Quasi-Monte Carlo Methods: Combating Complexity in Cost Risk Analysis
Cost analyses rely on probabilistic numerical methods to estimate the impact of risk and uncertainty associated with systems technical definitions and cost estimating methodologies. Such methods involve modeling risk and uncertainty as probabilistic distributions, applying iterative sampling techniques using Monte Carlo (MC) methods, and deriving risk and uncertainty adjusted statistical measures; however, the accuracy of statistical measures resulting from probabilistic analyses is directly dependent on the number of samples considered. Therefore, in probabilistic numerical methods, a trade-off exits between accuracy of results and computational complexity.
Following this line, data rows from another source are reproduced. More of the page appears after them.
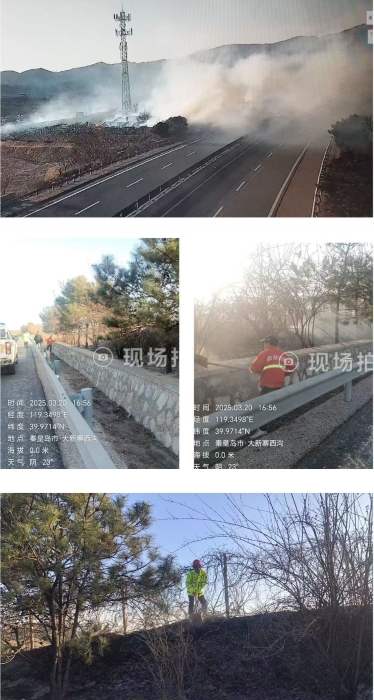 3月20日16时38分,承秦分公司指挥调度中心监控员在监控巡查中发现,承秦高速承德方向 k186处有大量烟雾,经多维度视频研判确认系边坡枯草自燃引发火情,火势尚小,周边无人。时值春季天干物燥,极易引发连锁安全隐患。
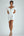 Robe moulante moulante en satin blanc à col en V et manches courtes
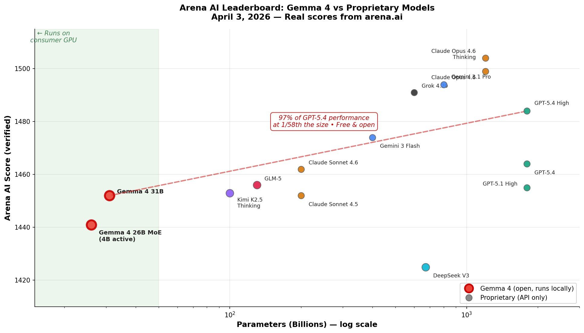 I’ll emphasize that the x-axis is on a log scale. Gemma 4 is absolutely tiny, yet ranks as the 3rd best open model on ArenaML, the popular chatbot arena.

To combat increasing computational complexity in probabilistic numerical models, Quasi-Monte Carlo (QMC) sampling techniques employ systematic approaches to random sampling with the goal of achieving accurate statistical measures while using fewer samples than traditional MC methods. In this paper, two QMC sampling techniques are investigated within the framework of cost risk analysis: Sobol Sequences and Latin Hypercube Hammersley Sequences (LHHS). Sobol Sequences are widely deployed in QMC simulation, but are not a standard sampling option in COTS risk analysis software commonly used in cost analysis. LHHS is a relatively new sampling method which is a hybrid of the well established methods: Latin-Hypercube Sampling and Hammersley Sequences. The efficiency of the sampling techniques is tested within the framework of cost risk analysis through the implementation of probabilistic distributions common to the field and through the development of code in VBA and VC++ which enables the techniques to be called from Microsoft Excel.
Booz Allen Hamilton
Blake Boswell is a Consultant for Booz Allen Hamilton’s Business Analytics Team. He is a firm subject matter expert in the areas of quantitative risk analysis and Microsoft Excel development. Blake currently supports a variety of cost estimating projects for the USMC. He is the lead developer for multiple cost and risk estimating tools and is involved with efforts to advance the application of numerical methods to risk analysis. Blake’s research interests include applied probability, computational mathematics, and math modeling and simulation. He presented on the topic of risk analysis at the 2010 SCEA conference, and is a published author in the field of economics with papers involving computation of equilibriums in industrial organization models. Blake received a B.S. in mathematics with concentrations in statistics and economics from Auburn University Montgomery and is currently pursuing a master’s degree in applied economics at Johns Hopkins University.